Another reason it’s hard to break the bond is because of your “cognitive dissonance”. This is when you hold two incongruent beliefs at the same time. You know the narcissist is bad for you, but you want to believe they can change. They seldom, if ever, change and they lack empathy for you and even themselves because most narcissists end up lonely later in life. You can’t get them to see how much damage they have done to you no matter how much you explain it. They also can’t see ahead to how harming others may cause them harm but don’t try to rescue them.  If you feel sorry for them you will be further trapped by them provoking your sympathy, which is another tool of their deceit.

If you feel you can’t “just leave” and you’re not ready, embrace the process and make as much progress as you can. When you recognize their behaviors and your part in maintaining the bond, you will be able to detach. As you attach to others who care about you, you will love yourself more. In doing so, you will be able to achieve a peaceful indifference toward them and begin to care more about yourself than you ever thought possible though it may feel selfish at first. Simply making a choice to extricate yourself from a trauma bond motivates your brain to do the work it takes to exit. 

It’s important you don’t blame yourself for not knowing better as this bond was made at a subconscious level. You can’t break a pattern until you see it, but you can learn to develop an aversion to narcissists instead of instant attractions. Trauma bonds often begin with instant attraction, and this is usually reenactment of a narcissistic parent or caregiver. The brain seeks the familiar and the root word of familiar is family. As you see how your past attachment issues may be playing out in your adult relationships the insight will give you foresight. This will result in you only wanting healthy relationships in the future. The bonds will be finally, completely be broken and your anxiety will dissipate and your self-esteem will elevate. 

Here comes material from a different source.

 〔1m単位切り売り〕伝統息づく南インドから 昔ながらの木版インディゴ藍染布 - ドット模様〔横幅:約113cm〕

A quote from my new Book “Codependent Discovery and Recovery 2.0” A Holistic Approach to Healing and Freeing Yourself” (HCI, 2021) will help you understand how getting over the narcissist is a battle you can win!

“A narcissist loves to subversively bend others to their will, and a codependent is a subconsciously willing participant. A narcissist loves you just like you aren’t, and codependents love to accommodate the wishes of others to prove themselves worthy of affection…it’s important to recognize how you may be feeding the very monster today who may destroy you tomorrow.”

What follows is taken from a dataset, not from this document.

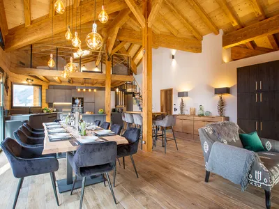 The main living space is on the top floor of the chalet which is at entrance level. There is a practical ski boot room and large entrance area which leeds you to the vast spacious living area. Double Height with exposed beams and large windows which show off the mountain views with slidinig doors leaving onto large wrap around balconies. You can't get much better for your morning coffee or evening Apero!

You can be free of narcissistic and toxic relationships now and in the future. When you recognize the bond, you can neutralize it and walk away with dignity and powerful wisdom for all your future relationships. Knowing how you got hooked will help you see a narcissist for what they are but more importantly you will see who you are and what you really want, which is happier, healthier, more conscious, reciprocal relationships.